Bardo (Note: A version of "Bartholomew," variously spelled Barto, Bartho, Bardon, Bardeo, Bardus, Pardo, Partho, Barcho, Brado, Bartholomaeus.) (c. 980 – 10/11 June 1051) was the Archbishop of Mainz from 1031 until 1051, the Abbot of Werden from 1030 until 1031, and the Abbot of Hersfeld in 1031.

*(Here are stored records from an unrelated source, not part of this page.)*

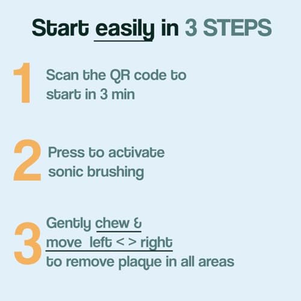 • QUICKSTART PROGRAM: Open the box, scan the QR code, and follow the short video tutorial to get started. Bite down lightly and move the brush from side to side. 10 seconds on top and 10 seconds on bottom for clean and healthy teeth and gums!
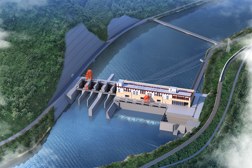 大渡河枕頭壩二級水電站效果圖 電站安裝6臺5萬千瓦燈泡貫流式水輪發電機組,總裝機容量30萬千瓦,多年平均年發電量15.03億千瓦時。工程建設總工期為64個月。樞紐由河床左側泄洪閘、河床右側河床式廠房、兩岸混凝土重力壩和魚道等建筑物組成,最大壩高54米。水庫正常蓄水位592米,總庫容0.122億立方米,調節庫容0.041億立方米。電站建成后以500千伏一級電壓出線接入四川電網。
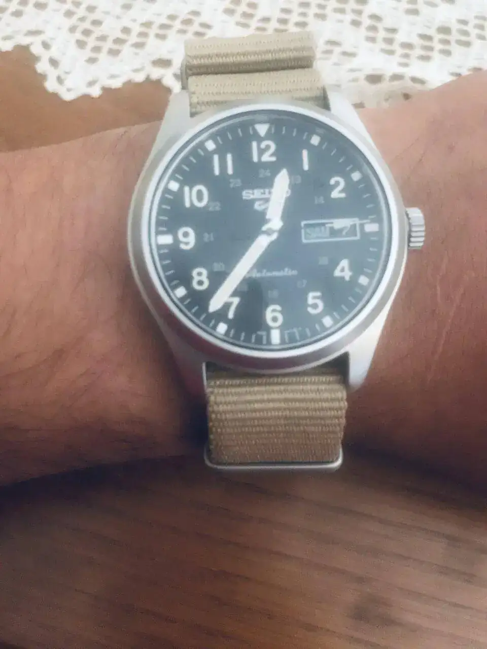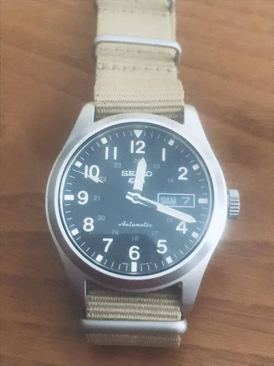 Me gustaria enseñar el reloj que llevo hoy puesto y que adquiri hace unos dias, es un Seiko 5 sports field military. Es un reloj funcional cómodo y bonito. Desconozco el material de la caja y la corona pero es muy suave al tacto. La esfera negra le da una belleza increible combinada con el color ocre del material luminescente de las agujas y los números, el cristal es mineral y antireflejos. Es un reloj automático, La maquinaria es visible tiene una inscripción en la masa que pone "twenty four jewels 4R 36A Seiko Time corp". En uno de los laterales se puede leer water resist 10 BAR La correa es de Nylon y tiene la inscripción de Seiko. Adelanta 3 minutos y medio a la semana, en mi opinión la verdad no es un desfase muy grande aunque se podria corregir. Por lo demás creo que es un reloj que por su precio tiene una gran calidad, lo disfruto mucho. Me en cantan los relojes militares de hecho le tengo hechado el
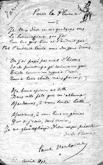 "Paul Verlaine" intitulé "Pour la Plume"
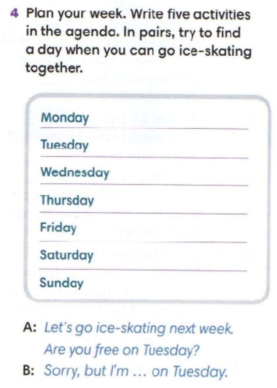 Ответ: Monday - go to cinema
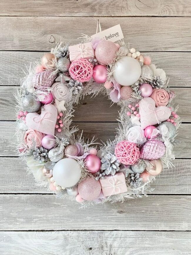 Soft pink, pristine white, and shimmering silver dance together in a holiday wreath that instantly captivates your attention, weaving hearts, delicate balls, and miniature gift boxes into a mesmerizing display.
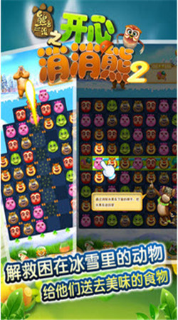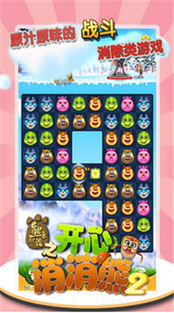 熊出没之开心消消熊2是一款全新升级的消除类手游,游戏以深受小朋友喜爱的"熊出没"动画为背景,完美还原了熊大、熊二、光头强等经典角色形象。在前作基础上,本作大幅扩充了游戏内容,新增了超过200个精心设计的关卡,每个关卡都设置了不同的挑战目标。游戏还创新性地加入了消除战斗系统,玩家需要通过消除来攻击敌人,这种独特的玩法让传统的消除游戏更具策略性和趣味性。此外,游戏还配备了丰富的道具系统,包括炸弹、闪电等特效道具,帮助玩家更轻松地完成关卡挑战。

Bardo was born in Oppershofen in the Wetterau. He was educated and trained at the Abbey of Fulda, where he was selected to be the deacon and provost of Neuenberg in 1018. Towards the end of March in 1029 the Emperor Conrad visited Fulda, who appointed him in the following year the Abbot of Werden. He was said to have taken special attention to the obedience of the monks and quality of their service, and he established a hospitality and care service for those injured in war. In early in 1031 Bardo was transferred to become the abbot of Hersfeld, and by May 30 was again transferred to become the Archbishop of Mainz following the death of Aribo.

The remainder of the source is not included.